POLITICA – Si accende il confronto sul futuro dell’asilo nido comunale “Peter Pan” di Velletri.
Da un lato le organizzazioni sindacali FP CGIL Roma SPOC e NIDIL CGIL hanno proclamato lo stato di agitazione del personale e indetto un presidio di protesta per martedì 7 luglio, dalle ore 9 alle 12, davanti al Comune. Dall’altro, in Consiglio comunale è stato presentato dall’opposizione un ordine del giorno che punta a salvaguardare la continuità educativa del servizio e a valorizzare il personale storico, programmando contestualmente l’ingresso delle nuove vincitrici di concorso.
La mobilitazione sindacale nasce, secondo quanto riferito dalle sigle, dopo il mandato unanime espresso dalle lavoratrici nell’assemblea del 22 giugno e a seguito delle risposte ricevute da Velletri Servizi S.p.A. In particolare, i sindacati contestano la dichiarazione dell’Amministratore Unico secondo cui la società non avrebbe personale alle proprie dipendenze impiegato nel servizio, una posizione che, a loro avviso, avrebbe alimentato ulteriore incertezza tra le educatrici, strette tra la gestione di Velletri Servizi S.p.A. e quella di ASTEN S.p.A.
FP CGIL e NIDIL CGIL denunciano un rimpallo di responsabilità e chiedono chiarezza sull’assetto gestionale, sul futuro occupazionale delle lavoratrici e sull’organizzazione del servizio.
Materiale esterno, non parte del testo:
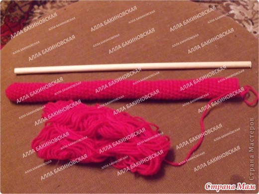 Затем вязать ряды без изменений до нужной длинны, взять деревянную палочку обмотать её синтепоном (если она слишком тонкая), вложить в связанный "чехол" и затем убавлять столбики до самого конца.
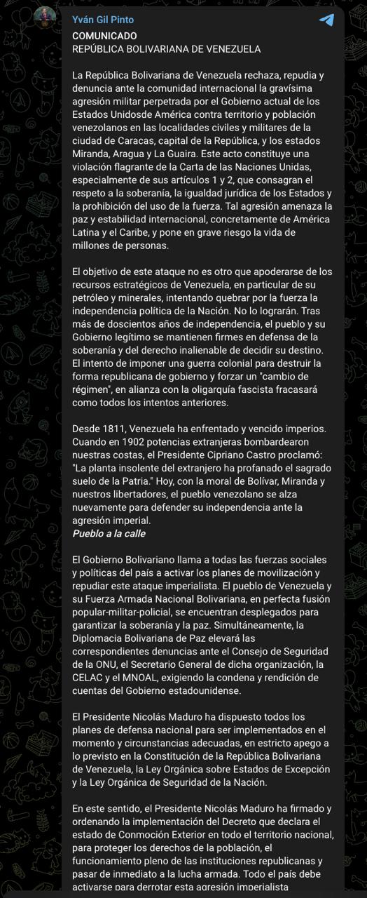 "Метою цієї атаки є захоплення стратегічних ресурсів Венесуели, зокрема її нафти та корисних копалин, з метою насильницького підриву політичної незалежності країни. Цього їм не вдасться досягти. Після більш ніж двохсот років незалежності народ і його законний уряд залишаються непохитними у захисті суверенітету", - додав він.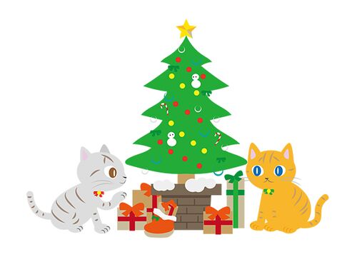 クリスマスツリーと猫のイラスト。 大きいツリーとプレゼントと猫2匹。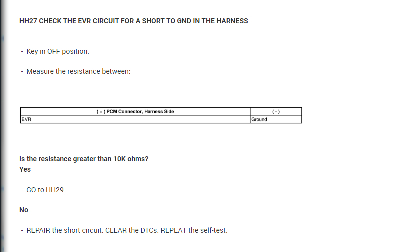 HH27 is asking to test for a short to ground. Again put your leads where it asks and do you have more then 10k ohms of resistance? If yes, then you have no continuity to ground which is good. If you do then you need to repair that wire. Proceed to HH29 if it passed.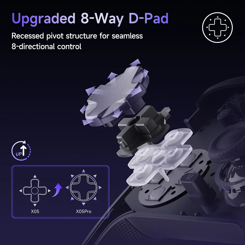 Upgraded metal-dome switches plus a sunken disc pivot give crisp, diagonal-perfect inputs—transforming the classic 4-way cross into an ultra-smooth 8-way command center.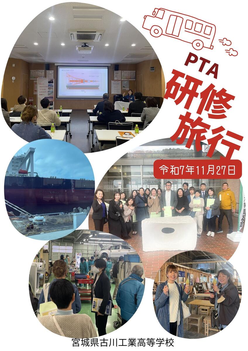 令和7年11月27日(木)PTA研修旅行が行われ、保護者15名教職員4名参加し、午前はENEOS株式会社仙台製油所を見学しました。卒業生による講話では「仕事で一番大変だったことは?」「高校時代の成績は?」「給料は?」など積極的な質問が出て、大いに盛り上がりました。昼食は塩釜卸売市場で魚料理など美味しく頂き、午後は石巻専修大で大学説明を聞き在校生との交流も行い、また施設見学をして大学についての理解を深めました。参加された皆さんは、今後のご家庭での進路についての一助となるよう、充実した研修となりました。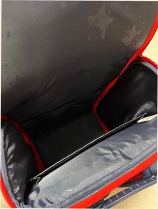 Mochila escolar de la marca KVG-KIDS, ideal para niños. Presenta un diseño llamativo con detalles en rojo y azul. - Compartimento principal espacioso. - Bolsillos laterales de malla. - Tirantes acolchados y ajustables. - Asa superior para colgar.
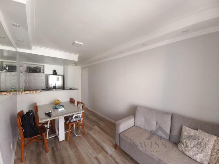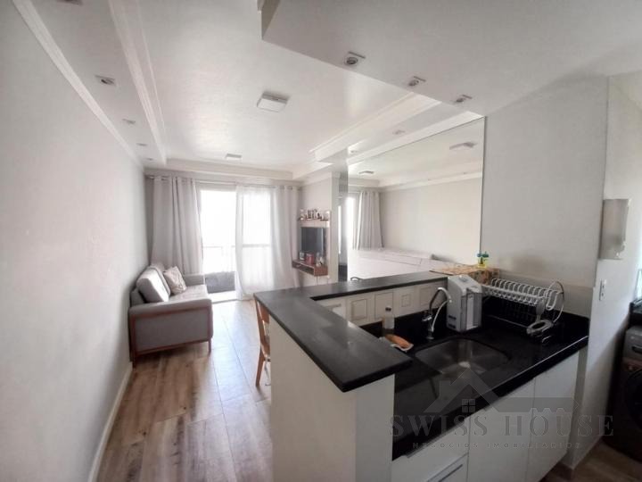 Apartamento com 2 dormitórios planejados, cozinha americana com bancada e armários sob medida, área de serviço funcional, banheiro com ótimo acabamento e sala com mesa fixa em canto alemão, painel para TV e sacada, oferecendo um ambiente acolhedor e bem aproveitado.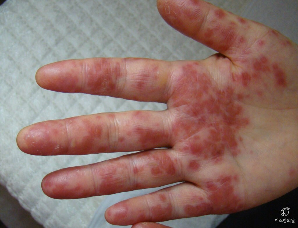 또 흔한 습진 중에는 한포진도 있습니다. 손발바닥의 표피에 수포가 생기고 가렵고 손발바닥의 열감이 생기는 피부 질환입니다.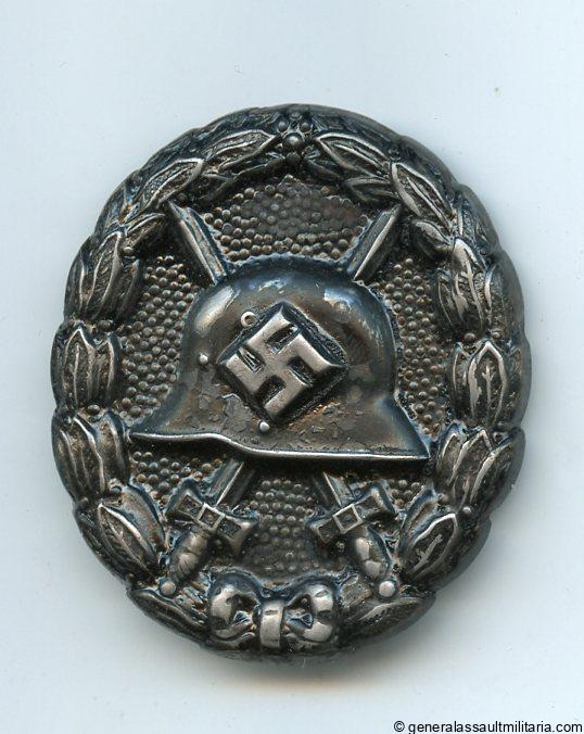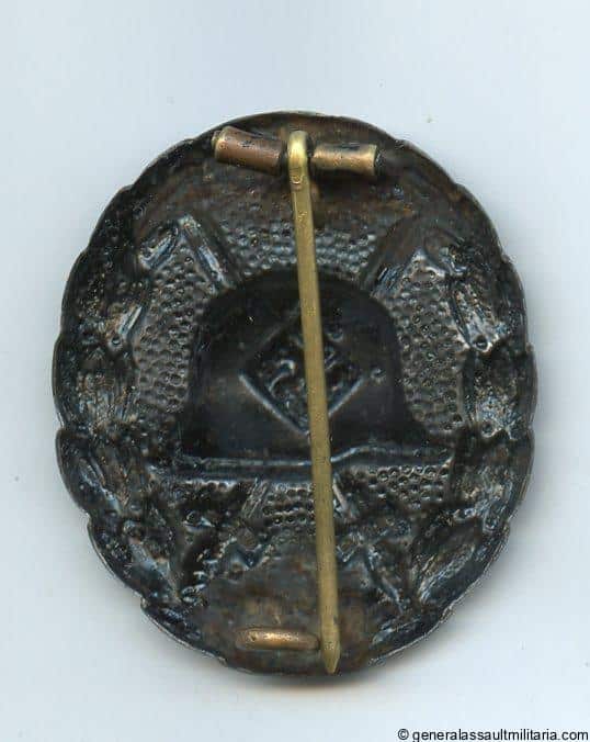 Wound in black 1st pattern – unknown maker. Hollow steel construction 1st pattern wound badge with glossy black finish. Remains in well worn condition with some of the base material exposed but no signs of rust on the front. The back shows a well worn brass setup and only has some light old rust near the setup. Front was IMO cleaned lightly. Good look wound badge with lots of finish remaining.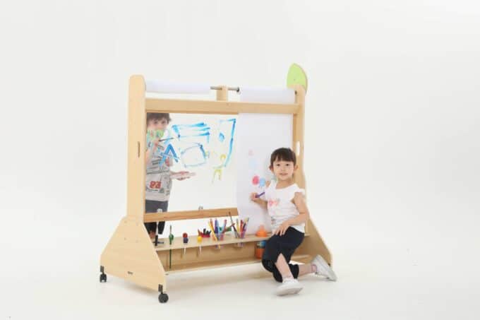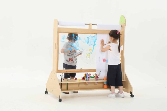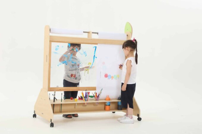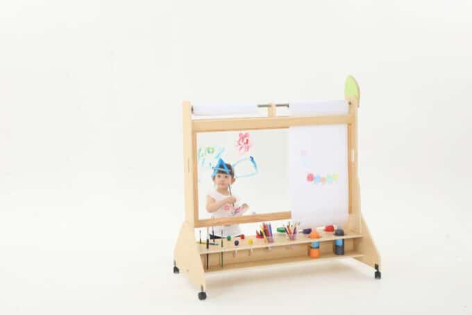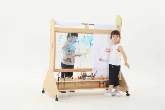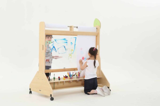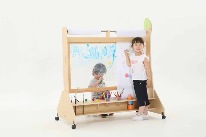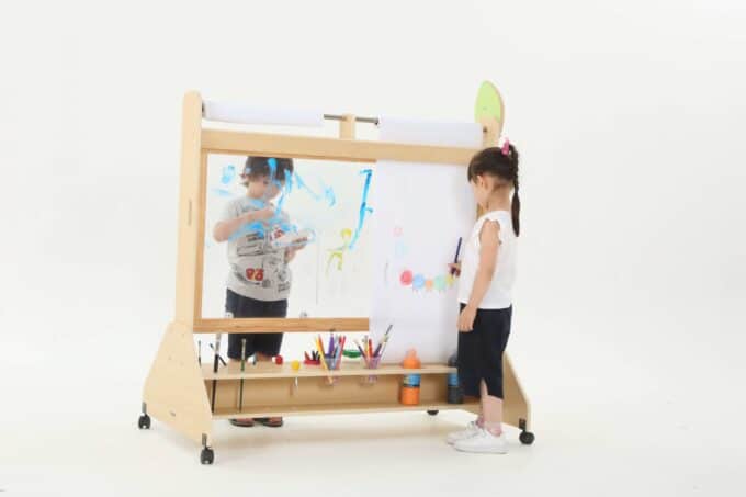 Die Mobile Maltafel ist nicht nur eine Tafel, sondern auch ein kreativer Raum, in dem Kinder mit verschiedenen Maltechniken experimentieren können. Sie ist kompatibel mit Papierrollen von 50 cm x 25 m, sodass die Kinder mühelos neue Kunstwerke schaffen können, ohne dass der Spaß je endet. Die transparente Fläche ermöglicht zudem ein aufregendes Spielen mit verschiedenen Farben und Materialien, was die Kreativität weiter anregt.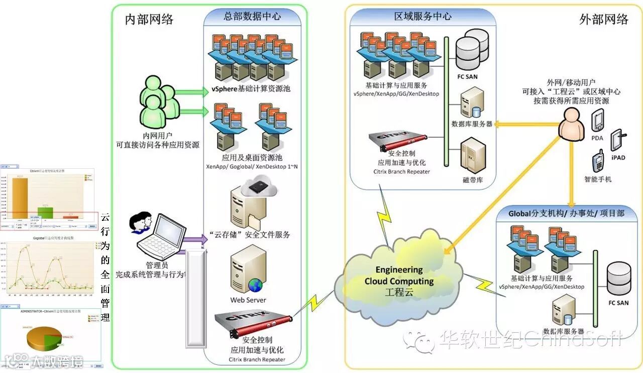 为了实现以上目标,HQC对国际流行的先进软硬件技术和应用模式进行了深入研究,将成熟的虚拟化及“私有云”技术与工程公司现有需求紧密结合,融合已经成功运行多年的服务器虚拟化和应用程序虚拟化的实施经验,根据大型工程公司经营、管理模式,借鉴虚拟化技术在国内外工程企业中的成功应用,在现有IT基础架构之上,通过调整服务器资源、网络资源、应用资源等的配置,提出对HQC“工程云”平台的建设规划,并进行了分步实施。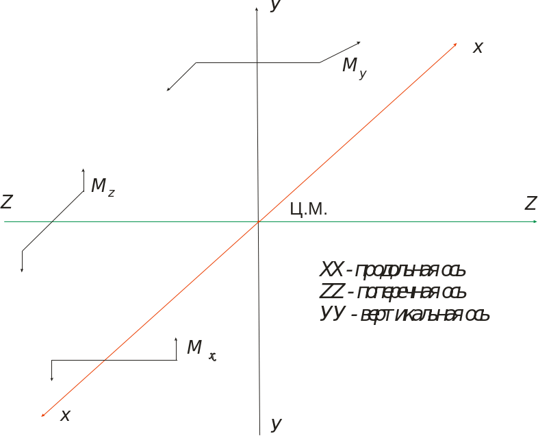 При анализе балансировки, устойчивости и управляемости самолета пользуются системой координат. За начало системы координат принят центр тяжести (Ц.М) самолета. Вращение относительно Ц.Т. может быть вызвано лишь внешними силами.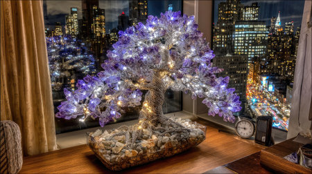 An illuminated decorative tree is the main subject, lit with purple and white lights. It stands on a table with a city skyline visible through a window behind it. The interior features wood and drapery, with a clock. This image could be used for lifestyle, design, and holiday-themed projects.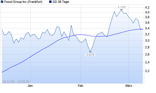 Mit dem Rücksetzer auf 3,35 EUR hat die Fossil-Aktie am 09.03.2026 die 38-Tage-Linie nach unten gekreuzt.Die Fossil-Aktie befindet sich seit dem 19.11.2025 im ...weiterlesen

Le organizzazioni ricordano inoltre di aver richiesto un incontro già il 12 giugno, successivamente sollecitato il 22 giugno, senza ottenere la convocazione di un tavolo di confronto, circostanza che ha portato alla proclamazione dello stato di agitazione.
Parallelamente, il dibattito è approdato anche nell’aula del Consiglio comunale attraverso un ordine del giorno straordinario sottoscritto da PD, Noi Domani, AVS e Buona Velletri a tutti, dedicato alla salvaguardia della continuità didattica del personale storico del “Peter Pan” e alla programmazione delle nuove assunzioni in vista dell’apertura dei nuovi asili nido finanziati con i fondi del PNRR.
Nel documento si sottolinea come il nido comunale rappresenti da anni un punto di riferimento per il territorio e come la qualità del servizio sia strettamente legata alla continuità educativa garantita dalle educatrici e dal personale che opera nella struttura da tempo.
L’atto evidenzia che l’assunzione delle vincitrici del concorso bandito da Velletri Servizi S.p.A. costituisce una legittima aspettativa e una risorsa importante per il potenziamento dell’organico, soprattutto alla luce dell’imminente apertura dei nuovi nidi. Allo stesso tempo, viene sottolineato il rischio che un’immediata sostituzione del personale storico possa compromettere la continuità pedagogica, con possibili ripercussioni sui bambini e sulle loro famiglie.
Per questo motivo, l’ordine del giorno propone di mantenere l’attuale assetto del “Peter Pan” durante la fase di transizione, programmando in maniera graduale l’ingresso del nuovo personale nelle strutture che saranno aperte grazie ai finanziamenti del Piano Nazionale di Ripresa e Resilienza. L’obiettivo indicato è quello di valorizzare l’esperienza maturata dalle educatrici storiche, affidando loro anche un ruolo di affiancamento e mentoring nei confronti delle nuove assunte, così da costruire un modello educativo condiviso, definito nel documento come il “Modello Velletri”.
Tra gli impegni proposti figurano inoltre l’attivazione di un tavolo permanente tra Amministrazione comunale, Velletri Servizi S.p.A. e organizzazioni sindacali per monitorare l’andamento delle assunzioni e l’avanzamento dei nuovi servizi educativi.
Nel frattempo, resta confermato il presidio promosso dalle organizzazioni sindacali per il 7 luglio davanti al Comune, con cui lavoratrici e rappresentanti dei sindacati intendono richiamare l’attenzione dell’amministrazione sulla vertenza e chiedere risposte certe sul futuro del personale e del servizio.